It’s hard for novices to know which algorithmic and data-cleaning choices are significant, and which have a more superficial impact.

Untethered images

Images travel extremely well on social media. When they do so, they often leave information behind and end up floating in space. Who created this, and why? What world view does it represent? What source material underlies it, how was it manipulated to produce the image? Can I trust it?

‘Can’t see the wood for the trees’

viral texts

When I showed this to a class recently, one participant was frustrated that they couldn’t ‘see the wood for the trees’. The visualisations gives a general impression of density, but it’s not easy to dive deeper into detail.

Stories vs hairballs

But when I started to explain what was being represented – the ways in which stories were copied from one newspaper to another – they were fascinated. They might have found their way there if they’d read the text but again, the visualisation is so abstract that it didn’t hint at what lay underneath. (Also I have only very, very rarely seen someone stop to read the text before playing with a visualisation.)

No sense of change over time

This flattening of time into one simultaneous moment is more vital for historical networks than for literary ones, but even so, you might want to compare relationships between sections of a literary work.

No sense of texture, detail of sources

All network visualisations look similar, whether they’re about historical texts or cans of baked beans. Dots and lines mask texture, and don’t always hint at the depth of information they represent.

Jargon

Node. Edge. Graph. Directed, undirected. Betweenness. Closeness. Eccentricity.

There’s a lot to take on to really understand what’s being expressed in a network graph.

There is some hope…

Onto the positive bit!

Interactivity is engaging

People find the interactive movement, the ability to zoom and highlight links engaging, even if they have no idea what’s being expressed. In class, people started to come up with questions about the data as I told them more about what was represented. That moment of curiosity is an opportunity if they can dive in and start to explore what’s going on, what do the relationships mean?

…but different users have different interaction needs

For some, there’s that frustration expressed earlier they ‘can’t get to see a particular tree’ in the dense woods of a network visualisation. People often want to get to the detail of an instance of a relationship – the lines of text, images of the original document – from a graph.

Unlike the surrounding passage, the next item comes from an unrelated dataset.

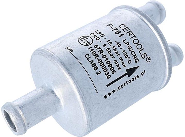 Opis produktu Filtr fazy lotnej jednorazowy. Zalecamy wymianę co 20 000 kilometrów. Opis zastosowania Stosowany w większości instalacji sekwencyjnego wtrysku gazu w fazie lotnej, poliester stosowany jako materiał filtrujący lepiej separuje zanieczyszczenia znajdujące się w gazie. Wersja dedykowana do silników w układzie boxer oraz "v". Dane techniczne Filtr fazy lotnej z króćcem wejściowym o średnicy zewnętrznej 14 milimetrów na wyjściu dwa króćce o średnicy 11 milimetrów, poliestrowy materiał filtrujący. Zakres temperatur pracy od -40 do +120 stopni Celsjusza, Maksymalne ciśnienie gazu LPG - 10,5 bar, Maksymalne ciśnienie gazu CNG - 9,5 bar, E20-67R-010906 E20-110R-000030 Cechy produktu Typ filtra: jednorazowy Wkład: poliester Wejście: 14 mm Wyjście: 2 x 11 mm Obudowa: metal Sposób montażu: na przewodzie Informacje dodatkowe Kod produktu Nagaz: 32.CRT.899 Producent: CERTOOLS Kod producenta: 55-781-014212NG Numer homologacji: E20-67R-010906

This mightn’t be how network visualisations are used in research, but it’s something to consider for public-facing visualisations. How can we connect abstract lines or dots to detail, or provide more information about what the relationship means, show the quantification expressed as people highlight or filter parts of a graph? A  harder, but more interesting task is hinting at the texture or detail of those relationships.

Proceed, with caution

One of the workshop questions was ‘Are social network analysis theories and methods relevant for public-facing applications?’ – and maybe the answer is a qualified yes. As a working tool, they’re great for generating hypotheses, but they need a lot more care before exposing them to the public.

[As an aside, I’d always taken the difference between visualisations as working tools for exploring data – part of the process of investigating a research question – and visualisation as an output – a product of the process, designed for explanation rather than exploration – as fundamental, but maybe we need to make that distinction more explicit.]

But first – who are your ‘users’?

During this workshop, at different points we may be talking about different ‘users’ – it’s useful to scope who we mean at any given point. In this presentation, I was talking about end users who encounter visualisations, not scholars who may be organising and visualising networks for analysis.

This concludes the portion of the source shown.